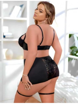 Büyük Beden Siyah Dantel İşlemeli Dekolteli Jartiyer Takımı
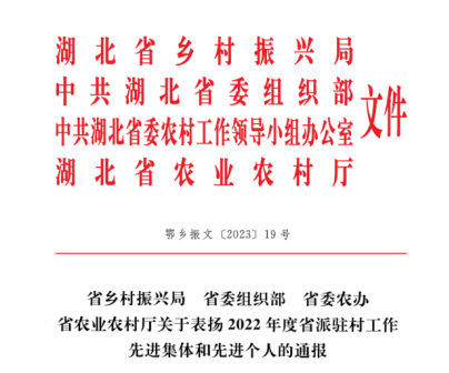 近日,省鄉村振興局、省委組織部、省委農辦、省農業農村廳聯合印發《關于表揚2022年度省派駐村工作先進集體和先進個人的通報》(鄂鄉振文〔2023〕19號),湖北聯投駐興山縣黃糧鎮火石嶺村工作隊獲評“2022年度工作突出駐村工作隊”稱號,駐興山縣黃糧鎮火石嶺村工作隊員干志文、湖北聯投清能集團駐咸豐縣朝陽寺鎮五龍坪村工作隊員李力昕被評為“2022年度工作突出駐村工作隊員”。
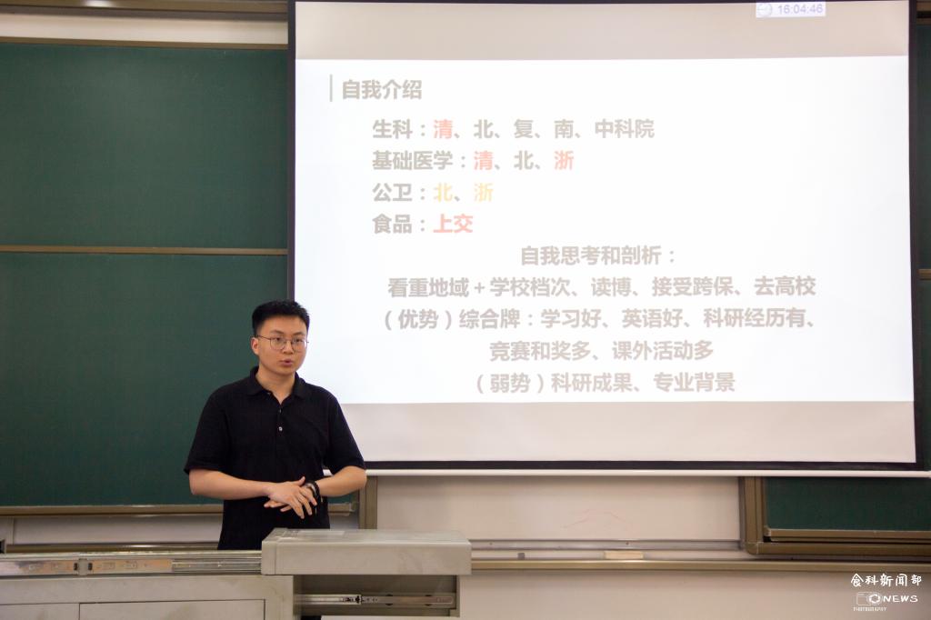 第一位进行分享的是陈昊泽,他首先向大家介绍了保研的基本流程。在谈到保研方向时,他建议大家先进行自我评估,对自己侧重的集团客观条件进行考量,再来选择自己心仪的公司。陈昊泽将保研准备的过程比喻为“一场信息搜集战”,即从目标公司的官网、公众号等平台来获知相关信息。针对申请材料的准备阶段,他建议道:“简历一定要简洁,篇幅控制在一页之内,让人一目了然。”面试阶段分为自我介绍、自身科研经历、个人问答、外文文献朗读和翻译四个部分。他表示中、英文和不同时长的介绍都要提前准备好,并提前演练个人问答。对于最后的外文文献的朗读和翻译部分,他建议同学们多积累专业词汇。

## Assigned task
Give the listing above again word for word, without its pictures.

## Exercise result
 Büyük Beden Siyah Dantel İşlemeli Dekolteli Jartiyer Takımı
 近日,省鄉村振興局、省委組織部、省委農辦、省農業農村廳聯合印發《關于表揚2022年度省派駐村工作先進集體和先進個人的通報》(鄂鄉振文〔2023〕19號),湖北聯投駐興山縣黃糧鎮火石嶺村工作隊獲評“2022年度工作突出駐村工作隊”稱號,駐興山縣黃糧鎮火石嶺村工作隊員干志文、湖北聯投清能集團駐咸豐縣朝陽寺鎮五龍坪村工作隊員李力昕被評為“2022年度工作突出駐村工作隊員”。
 第一位进行分享的是陈昊泽,他首先向大家介绍了保研的基本流程。在谈到保研方向时,他建议大家先进行自我评估,对自己侧重的集团客观条件进行考量,再来选择自己心仪的公司。陈昊泽将保研准备的过程比喻为“一场信息搜集战”,即从目标公司的官网、公众号等平台来获知相关信息。针对申请材料的准备阶段,他建议道:“简历一定要简洁,篇幅控制在一页之内,让人一目了然。”面试阶段分为自我介绍、自身科研经历、个人问答、外文文献朗读和翻译四个部分。他表示中、英文和不同时长的介绍都要提前准备好,并提前演练个人问答。对于最后的外文文献的朗读和翻译部分,他建议同学们多积累专业词汇。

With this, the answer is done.